» **Aim of the exercise**:
Please reproduce the lines of the records below from the one holding "NANTUCKET MA LOWER" through the one holding "These flat back", inclusive, skipping all pictures.

» **Record set**:
※

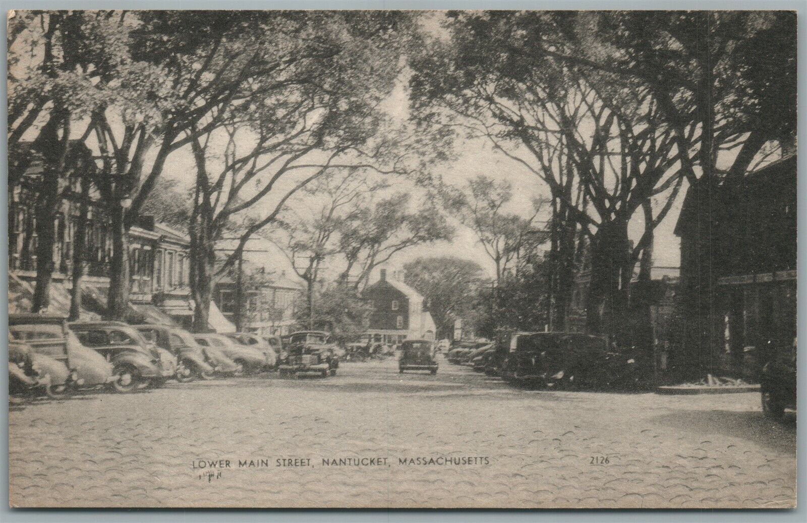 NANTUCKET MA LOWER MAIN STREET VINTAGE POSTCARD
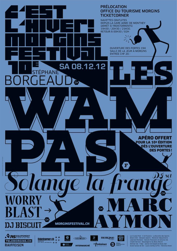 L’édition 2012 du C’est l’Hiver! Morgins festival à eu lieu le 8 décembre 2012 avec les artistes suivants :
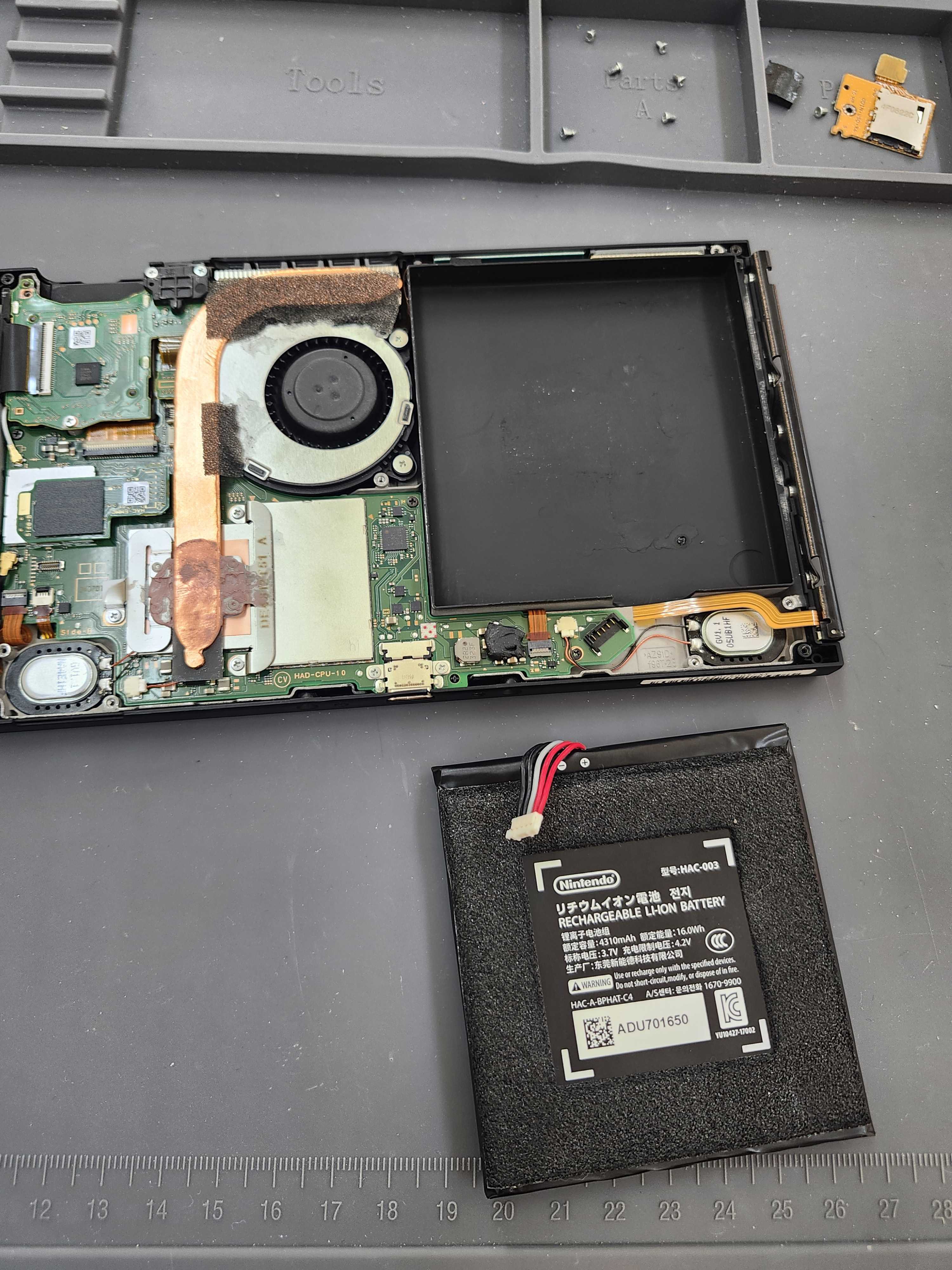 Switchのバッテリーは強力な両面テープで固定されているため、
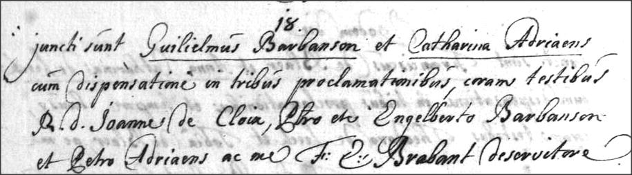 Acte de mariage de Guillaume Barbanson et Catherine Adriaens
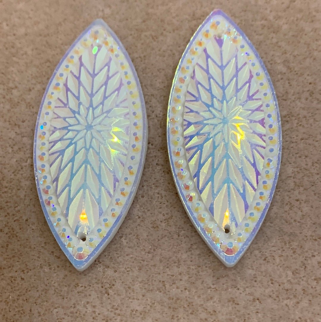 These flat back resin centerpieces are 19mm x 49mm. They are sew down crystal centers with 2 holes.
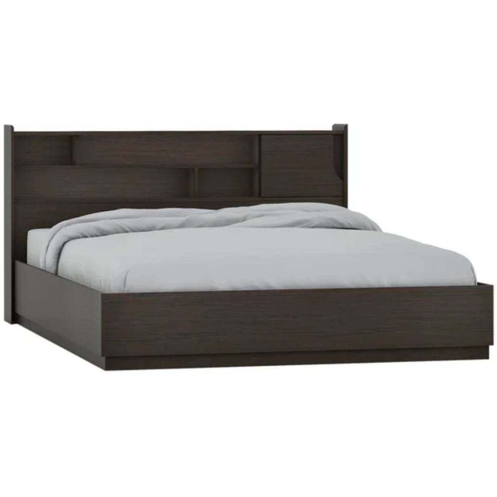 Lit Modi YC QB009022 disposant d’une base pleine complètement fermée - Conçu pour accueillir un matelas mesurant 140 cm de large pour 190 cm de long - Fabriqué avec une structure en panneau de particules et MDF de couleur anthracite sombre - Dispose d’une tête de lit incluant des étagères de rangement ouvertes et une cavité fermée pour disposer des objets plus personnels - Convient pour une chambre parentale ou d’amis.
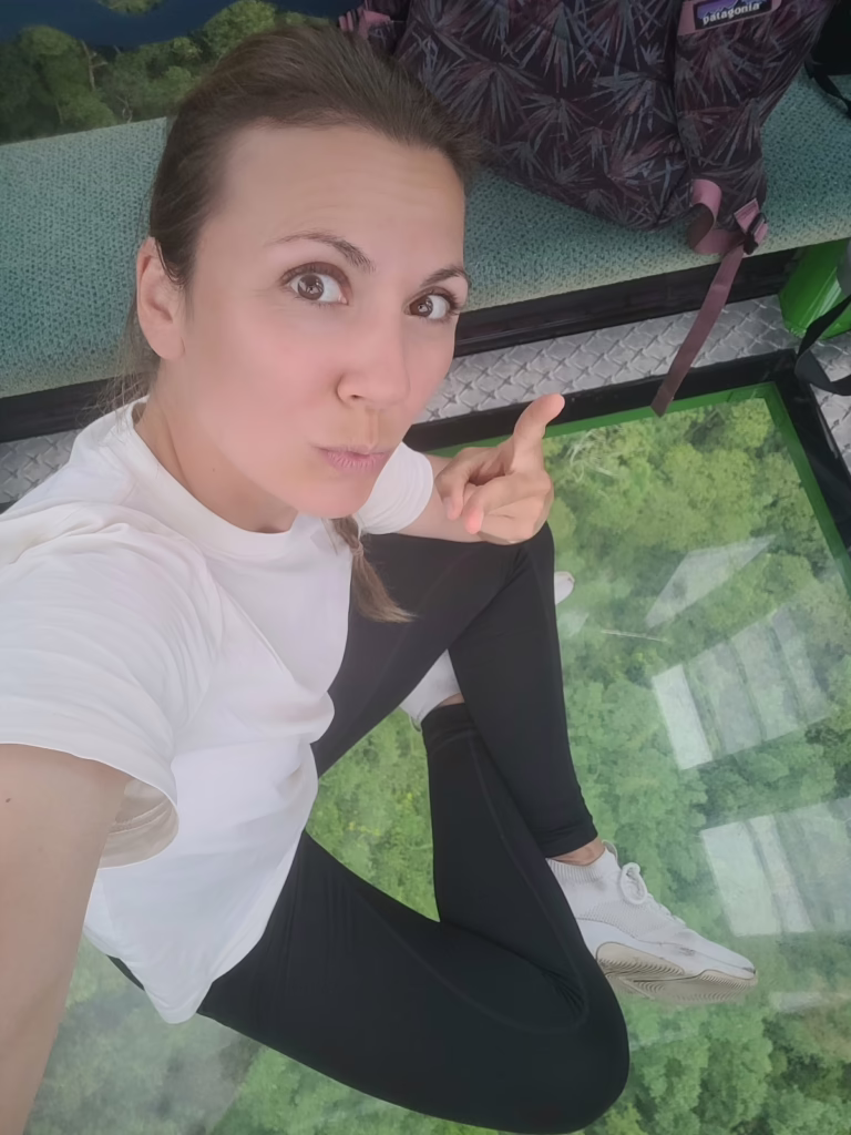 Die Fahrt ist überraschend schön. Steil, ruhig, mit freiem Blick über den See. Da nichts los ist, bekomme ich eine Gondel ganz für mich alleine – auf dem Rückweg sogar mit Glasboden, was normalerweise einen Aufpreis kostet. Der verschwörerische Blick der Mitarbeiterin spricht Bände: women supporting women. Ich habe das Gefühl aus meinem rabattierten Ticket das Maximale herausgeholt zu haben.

※

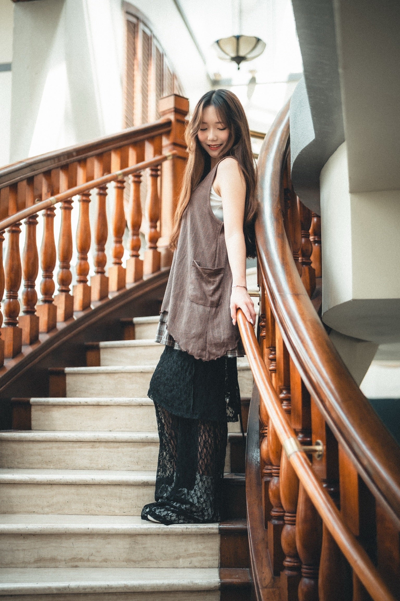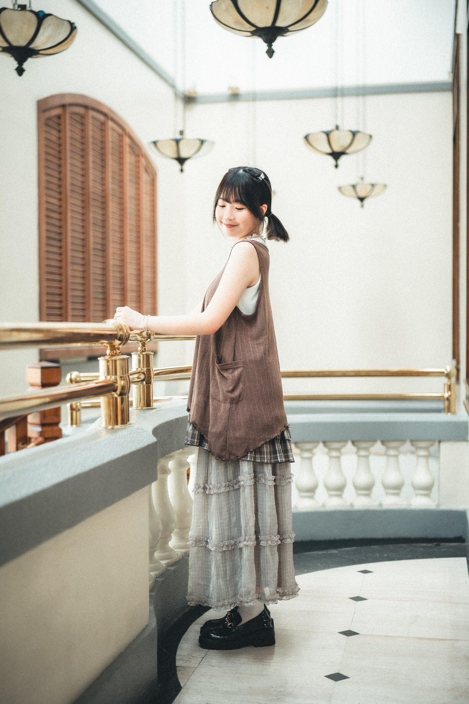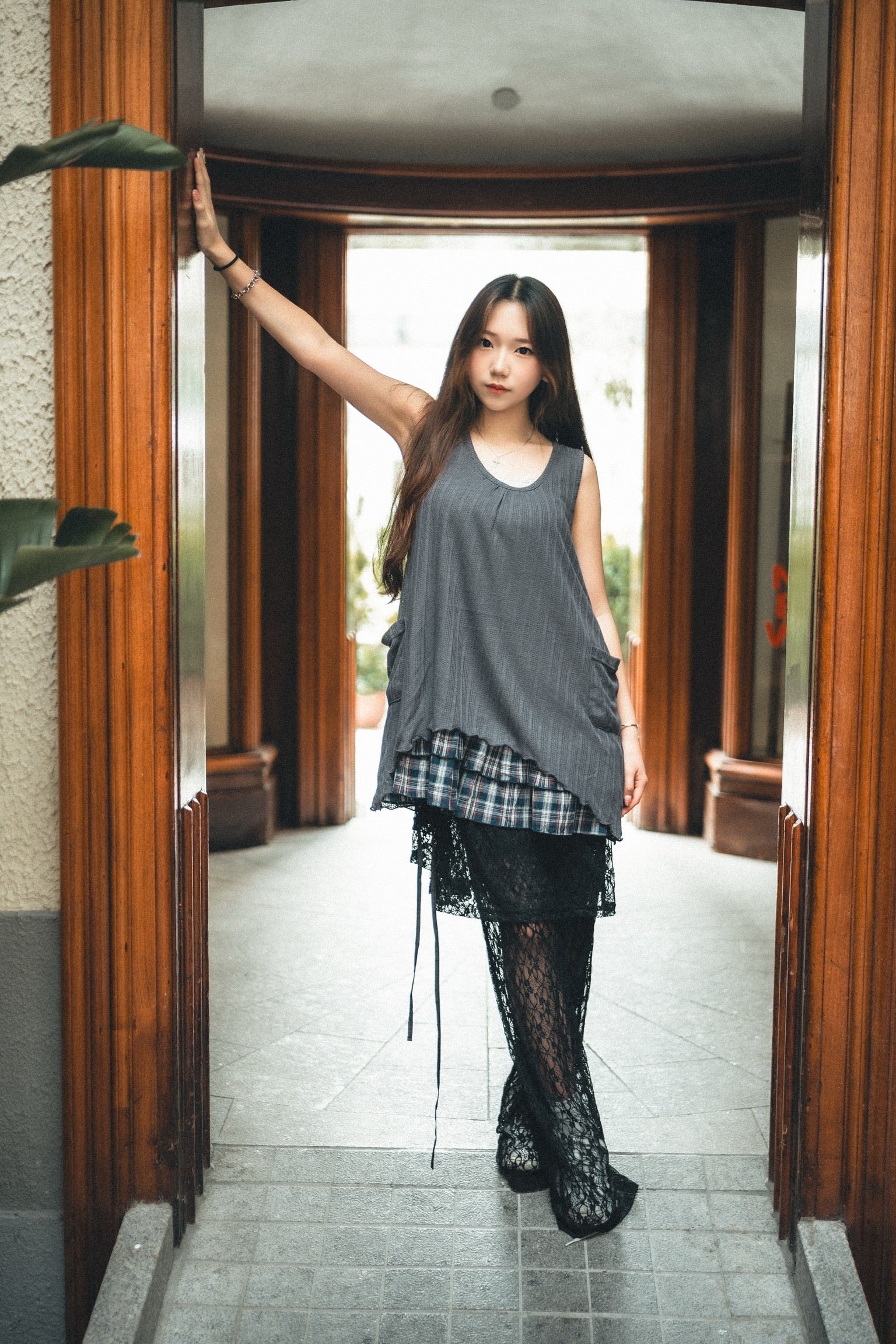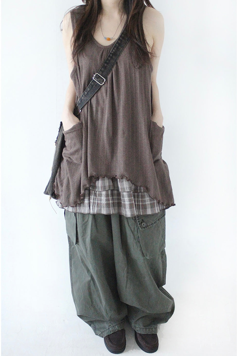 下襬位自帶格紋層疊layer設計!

※

» **Reply to the exercise**:
 NANTUCKET MA LOWER MAIN STREET VINTAGE POSTCARD
 L’édition 2012 du C’est l’Hiver! Morgins festival à eu lieu le 8 décembre 2012 avec les artistes suivants :
 Switchのバッテリーは強力な両面テープで固定されているため、
 Acte de mariage de Guillaume Barbanson et Catherine Adriaens
 These flat back resin centerpieces are 19mm x 49mm. They are sew down crystal centers with 2 holes.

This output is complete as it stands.